The Great Man eventually appeared on board about dusk after a swift visit to General Montgomery. Our first worry was that during air raids, of which there were quite a few, the Prime Minister insisted on coming up on deck to see what was going on, and refused the offer of a tin helmet. Whenever any German aircraft appeared over Arromanches, everyone let loose with every form of anti-aircraft weapon. As a result, the risks were more from falling anti-aircraft splinters and spent bullets than from German bombs. A 'Brocks benefit' was the best way to describe the mass of tracer bullets and bangs. After dinner in the wardroom we indulged in a sing-song ably led by one of our Australian officers, with his speciality 'On the Road to Mandalay'. Halfway through this, we were joined by Sir Winston, who requested we sing 'Rule Britannia'. Accompanied by the padre on the piano, we did full justice to the first and only verse we knew. "And what about the other verses?" said the Prime Minister, who proceeded to lead the singing himself and later to join in with the songs we knew rather better and which were not too rude.

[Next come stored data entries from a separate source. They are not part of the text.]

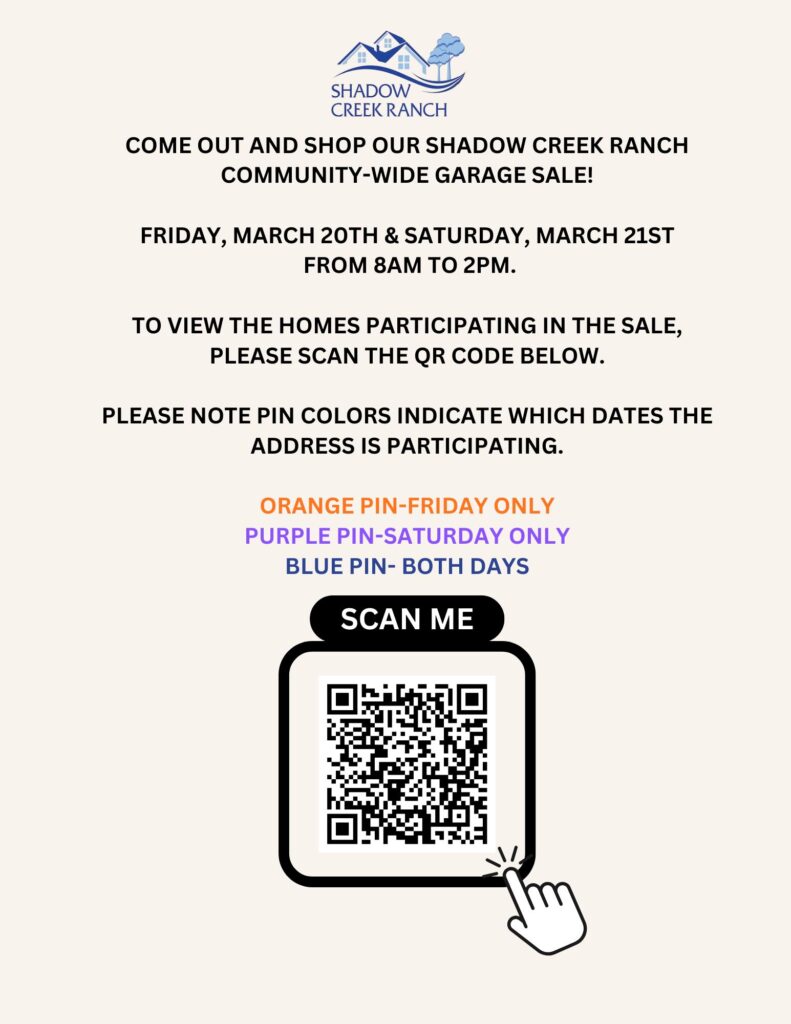 To participate, you must submit the Garage Sale Application as required by the City for a permit no later than March 5th by 5pm to garagesale@shadowcreekranchhoa.com.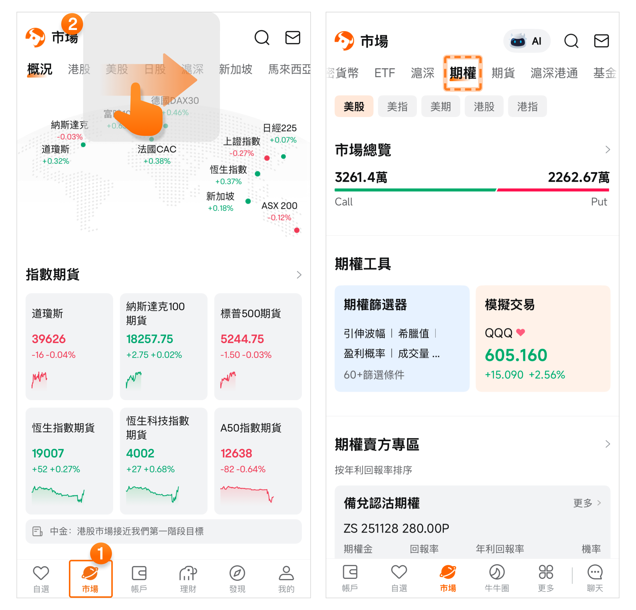 富途牛牛提供了丰富的市场品类服务,涵盖期权、期货、ETF、基金、债券、外汇等主要投资品种,您可通过滑动顶部菜单栏来选择您所需要进行交易的市场品类。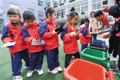 ◀4月15日,小朋友在党员志愿者的组织下参加垃圾分类小游戏。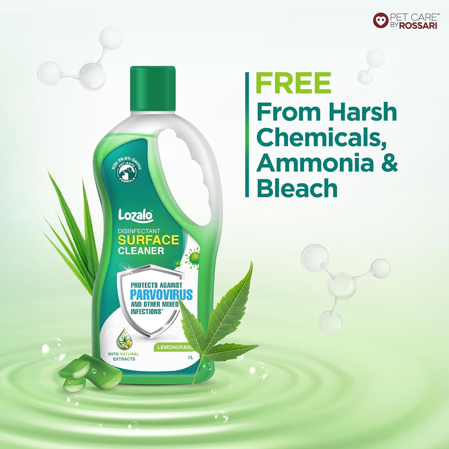 Free From Harsh Chemical, Ammonia & Bleach- Leaves no residue post cleaning. Ensures a safer haven for you and your family.For Sparkling clean, Non Slippery & Hygienic Home- Ensures floors are clean and spotless making every corner germfree.Pet -Specific Stain Remover- Removes tough stains efficiently.Tick & Flea Repellent- Powerful blend of lemongrass, aloe vera and turmeric naturally repels ticks and fleasFor Long Lasting & Rejuvenating Fragrance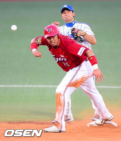 29일 오후 대구 시민운동장에서 열린 2013 한국야쿠르트 세븐프로야구 삼성 라이온즈와 KIA 타이거즈의 경기, 6회초 무사 주자 1루 KIA 안치홍의 3루수 병살타때 삼성 유격수 김상수가 2루에서 이범호를 포스아웃 시킨 후 1루로 송구하고 있다.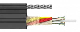 Повив оптических модулей вокруг стеклопластикового прутка защищен наружной оболочкой из полимерного материала. Кабель имеет выносной силовой элемент, выполненный из стального троса покрытого полимерной оболочкой.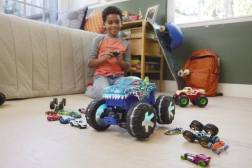 Uronite u svijet napete igre s Hot Wheels Monster Trucks Mega-Wrexom u mjerilu 1:15. Ovaj jedinstveni model opremljen je svjetlima i zvukovima koji se aktiviraju pri svakoj interakciji, pružajući djeci neprestano inspirativno iskustvo puno energije.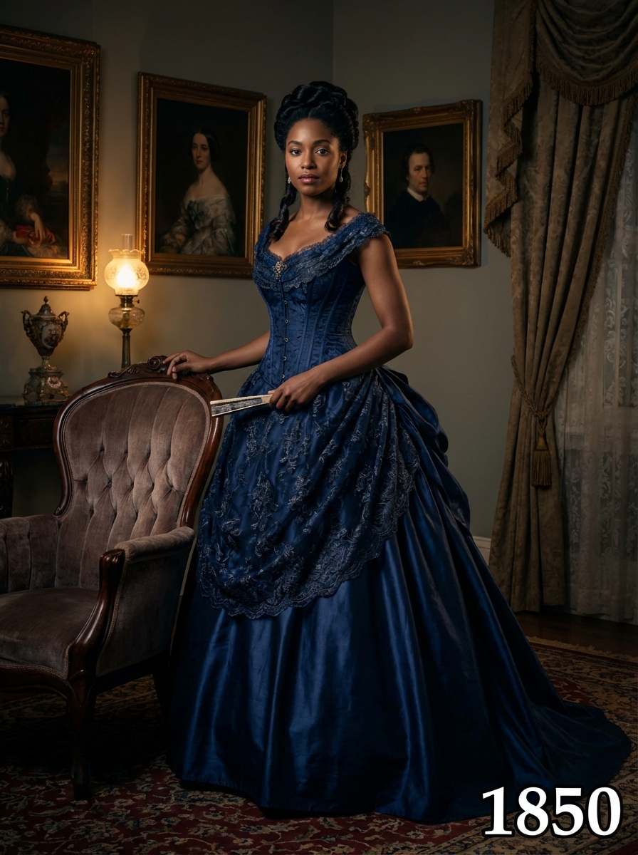 model in 1850s Victorian portrait, wearing an elaborate ball gown with corseted bodice, full skirt with layers of petticoats, and intricate lace details, hair in an elegant updo with ringlets , posed in an ornate Victorian parlor with rich velvet furniture and oil paintings, dramatic chiaroscuro lighting, text overlay in bottom corner reading "1850" in white sans serif font with black outline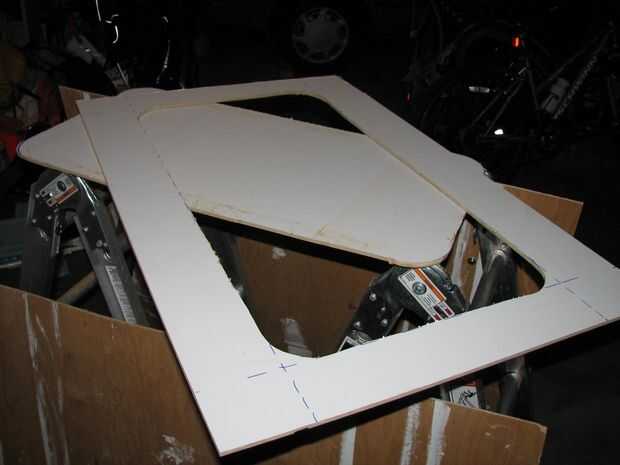 Cortar la ventana de panel frontal y el orificio de la hoja de cama y plexiglás del pegamento en la parte posterior. Fije los pernos de polea pila y apriete. Estire la sábana sobre la placa de soporte. Corte agujeros en la hoja de cama donde están los puestos de mando.

It was after midnight before he had had enough and retired to his cabin to complete his day's work. He rose late, having breakfasted in bed and having already done two or three hours of work in his cabin. Before he left, he addressed the Ship's Company, who cheered him to the echo as he went over the side.

After this, we returned to Spithead to await a further call for duty. Sadly, this never came, and this completed our part in Operation Neptune, which itself ended on 12th September with the capture of Le Havre.